Hace un par de años, una escritora joven recibió un importante premio oficial. Por esos días, los contenedores ardían en Barcelona a raíz del conflicto nacionalista. Ella declaró, en varias entrevistas, que detestaba la sociedad, que había que quemarlo todo. También fue clara en un aspecto: la editorial corregía sus escritos, y en caso de no ser aceptada esa corrección era sustituida por otra escritora o escritor.
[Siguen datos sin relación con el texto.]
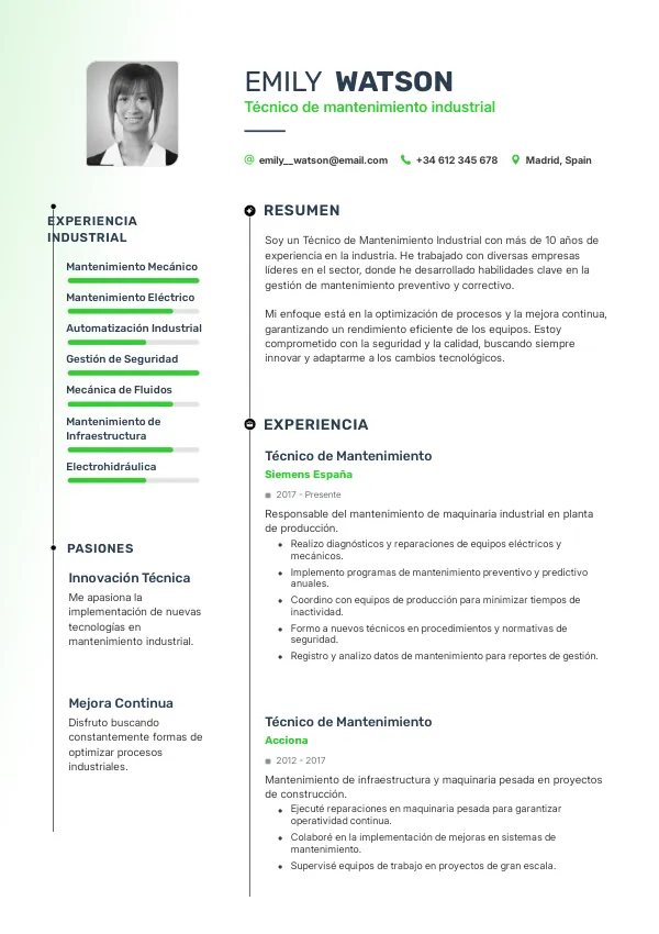 - Mejor: Incluir formación específica como "Certificación en mantenimiento industrial."
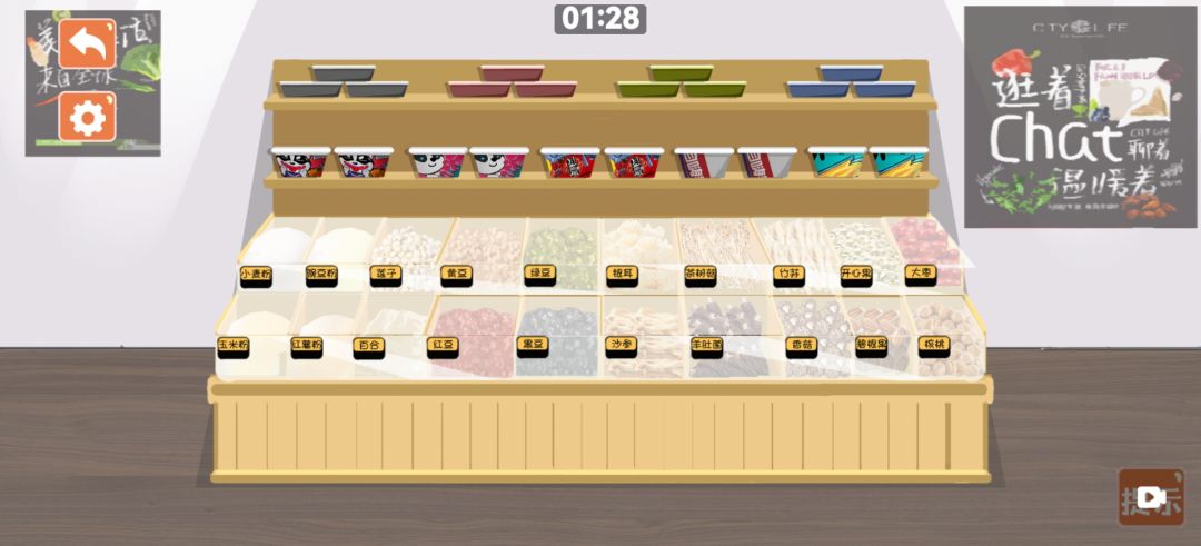 最后一个装干果面粉什么的要点一下框子,透明板抬起来才可以往里面倒,倒完再点一下把透明板放回去才可以开下一个
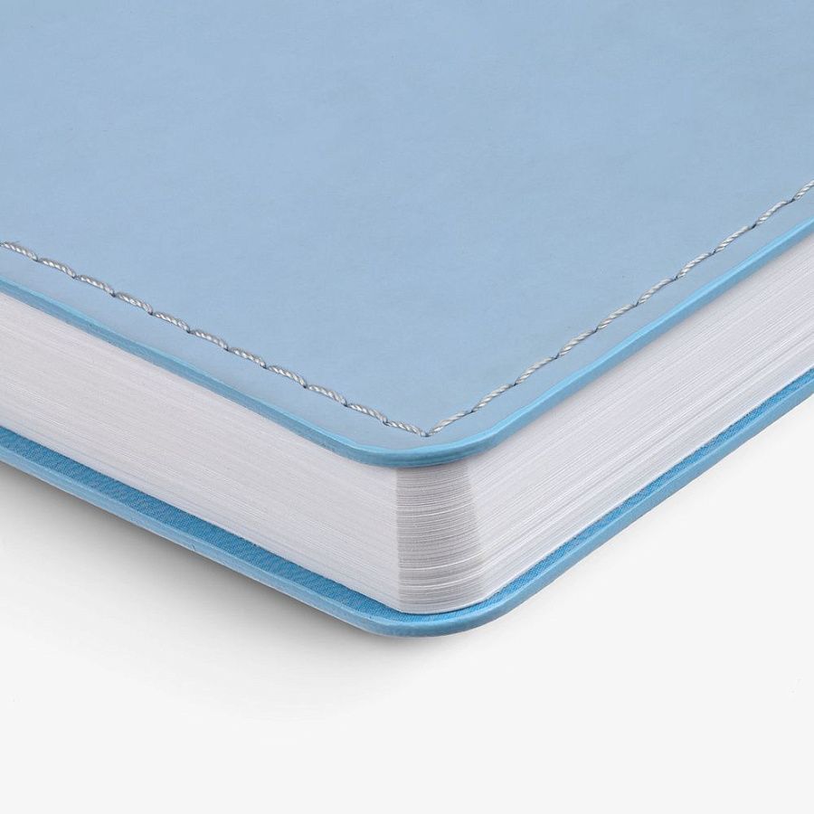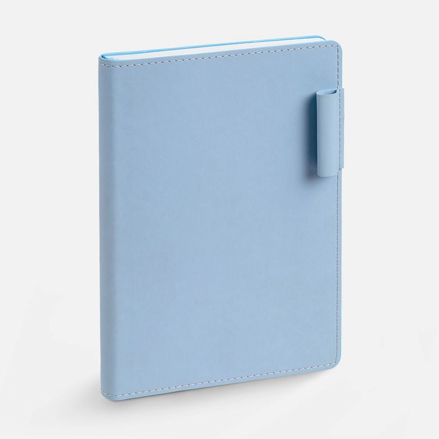 Ежедневник с гибкой обложкой из материала Soft Touch, голубой и Latte, голубой (внутренний материал), дополнен петелькой для ручки из покровного материала, капталом, ляссе и закрашенным срезом обложки в цвет материала.
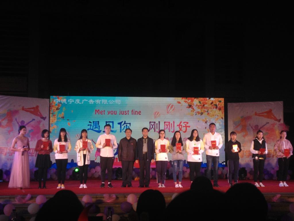 晚会中,游国斌经理、陈新柯副书记为公司在学校第八届田径运动会中获得荣誉的运动员代表进行颁奖。
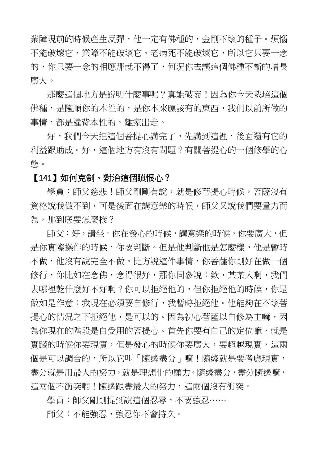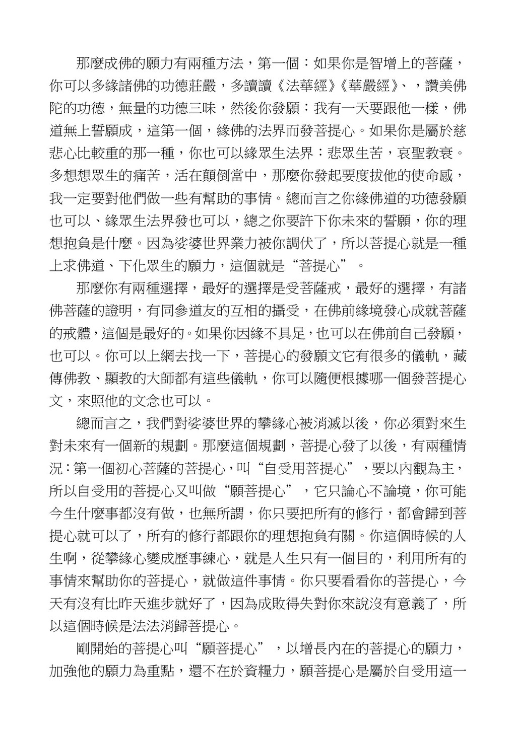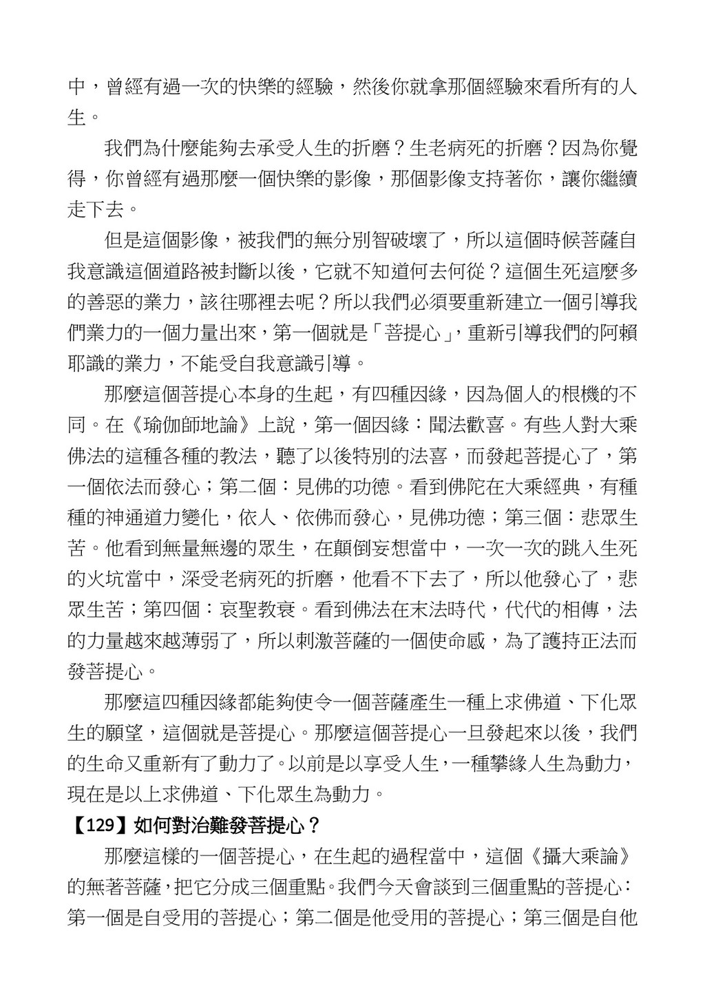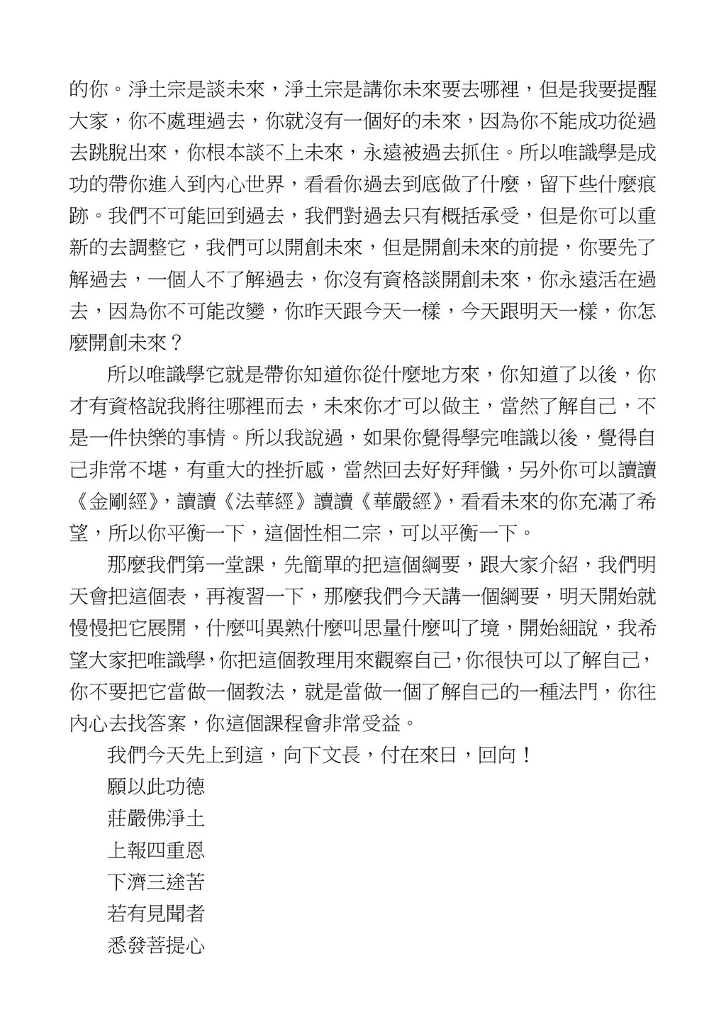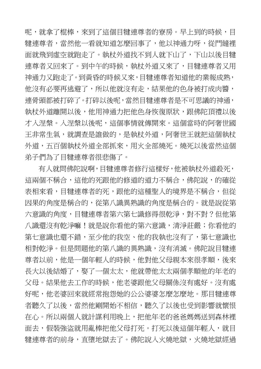 意識開始區別,就是你接受這個感受以後,你是怎麼想的?當你在痛 苦的時候,你是怎麼想?你可以選擇怨天尤人,你也可以產生自我慚 愧,所以這個第六意識,它接受到前五識的感受的刺激的時候,它產 生想像,最後想完以後落入了一種第七識的執著,最後藏到第八識變 成種子。 【12】從第六意識下手目標是改變第七識! 但是,諸位要知道在我們八識當中分成三類,第八識第七識跟前 六識,異熟、思量、了境,你們猜猜看哪一個最重要?主導性最強是 誰? 第六意識。 還有呢? 對! 第七意識最重要! 我說明一下,雖然第六意識管善惡,對不對,但第六意識有個問題,第 六意識是生滅的,第六意識如果沒有跟第七意識的執著在一起,第六意 識做不出很大的善惡,做不出來。你看我們一天打很多妄想,我們百分 之九十的妄想都沒有付諸行動,對不對?我們也曾經想要做壞事,但 是你有去做壞事嗎?沒有,因為你沒那個膽量,那個膽量是誰?也就

Una situación curiosa: al mismo tiempo que se acusaba al gobierno de ceder ante el «terrorismo» y pactar con él, se otorgaba un premio oficial a alguien que jaleaba a quienes (de forma abusiva, todo hay que decirlo) se acusaba de «terroristas». Un político exigió a la escritora devolver el dinero que recibía de la sociedad que detestaba. No hubo devolución, ella tenía la libertad como aspecto central de su vida y hacía y decía lo que le daba la gana.

La libertad y la dignidad, queda claro, mueren cuando llega el momento de las ventas, de la economía, del dinero.

El sociólogo brasileño Darcy Ribeiro escribía, en un libro publicado como resumen de una reunión internacional llevada a cabo en Chiapas, refiriéndose a la cultura latinoamericana: «Tenemos una intelectualidad fútil, más propensa a buscar las remuneraciones de las multinacionales o las prebendas del estado que a pensar y a luchar por definir el proyecto latinoamericano». Mucho me temo que la intelectualidad europea, con algunas excepciones remarcables y que deberíamos apoyar sin reservas, simplemente se ha rendido, o se ha vendido.

He omitido varios nombres en mi artículo. Se debe a que no me interesa criticar a las personas, sino a una manera de pensar que tiene infinidad de adeptos. Nombro sólo a quienes me sirven de referente.